Por todo ello, resulta lógico que Truffaut se sintiera atraído por una concepción individualista de la creación cinematográfica, que, además, le autorizaba a expresarse —lo que sin duda deseaba— sin el freno de su timidez, ya que a través del cine podría contar, indirectamente, lo que por pudor no se atrevía. Desplazar la atención de los cinéfilos hacia el director, en detrimento de estrellas y guionistas, y atribuir al director y no al productor el control artístico de las películas, facilitaría su camino hacia la dirección de cine.
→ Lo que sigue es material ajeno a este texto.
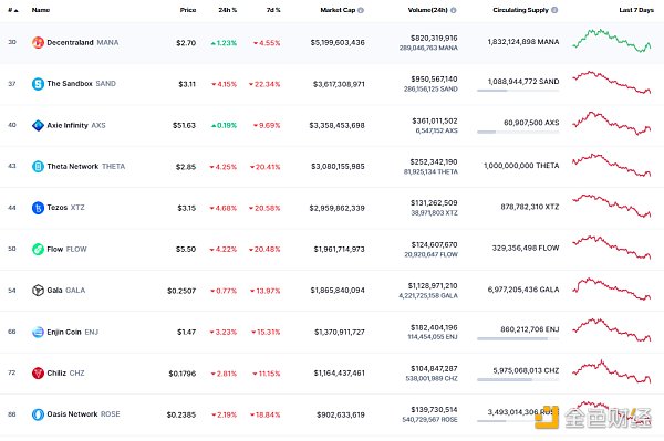 NFT总市值、市值排名前十项目 数据来源:coinmarketcap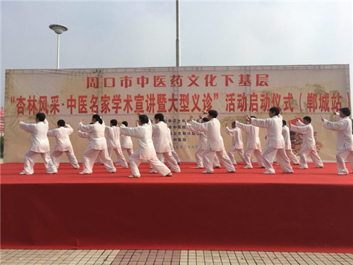 隨后,鄲城太極表演隊(duì)又為大家?guī)?lái)太極拳、太極劍等中醫(yī)養(yǎng)生保健操表演,精彩的表演贏得了現(xiàn)場(chǎng)群眾的陣陣喝彩。群眾的高度關(guān)注和積極參與,展現(xiàn)了鄲城人民重視中醫(yī)文化、注重養(yǎng)生保健的精神風(fēng)貌。

Esta contradicción entre los distintos cines que propugnaban, respectivamente, Bazin y sus discípulos debía ser despejada, y fruto de este intento son los primeros films de la «Nouvelle Vague», una vez que, abierta una brecha desde la crítica, pudieron atacar el problema del acceso a la profesión desde un ángulo económico (películas baratas) y formal. Educados en la admiración del cine clásico americano —que solía cumplir los requisitos exigidos por el realismo baziniano—, los nuevos cineastas soñaban con hacer films clásicos en su estilo y personales en el tema (de ahí el autobiografismo más o menos estilizado de algunos de estos primeros films). Pero como, por otra parte, los directores surgidos de «Cahiers» tenían —gracias a Langlois y la Cinémathèque Française— una cultura cinematográfica muy superior a la de sus antecesores, y habían realizado una reflexión crítica bastante profunda, empezaron a resucitar formas de expresión olvidadas, que, al fusionarse con sus originales ideas propias y con las enseñanzas del cine americano, dieron lugar a una nueva forma de cine, que tuvo algo de estética de grupo en sus principios y que luego habría de diversificarse y desarrollarse según la evolución de cada director.
La Peau douce |
De esta forma, y teniendo en cuenta que Truffaut es uno de los más típicos representantes de la «Nueva Ola» a mitad de camino entre el revolucionario Godard y el clasicista radical Rohmer, y sin las oscilaciones de Chabrol ni la discontinuidad de Rivette—, podemos apreciar cómo se manifiesta en Truffaut esta contradicción y cómo, poco a poco, se resuelve. Si, por vocación y carácter, Truffaut es un cineasta clásico, también hay que tener en cuenta que uno de los objetivos primordiales de la «N. V.» fue la conquista del público, para así consolidar en la práctica la victoria del nuevo cine, ganándose la confianza de los productores demostrando que un cine barato y personal —rodado por noveles— podía dar dinero, y poder seguir haciendo cine. Todo esto imponía una cierta dosis de novedad, atractiva pero asequible, y por eso Le Beau Serge y Les Cousins (1958), de Chabrol, o Les Quatre Cents Coups, son films claros, sencillos y poco llamativamente innovadores. Claro está que la forma de rodaje, la escasez de medios, la inexperiencia de los directores, su entusiasmo y su posición frente a lo que era entonces el grueso del cine francés, confirieron a estos films un aire renovador, no sólo en el terreno industrial, sino en el estilístico (y, por tanto, en la forma de comunicarse con el público): la cámara a mano, la libertad de estructura narrativa, los actores no profesionales o desconocidos, el rodaje en escenarios naturales, la iluminación realista, la escasez de efectos ópticos, etc., les daban una frescura que, en aquel momento, resultaba nueva.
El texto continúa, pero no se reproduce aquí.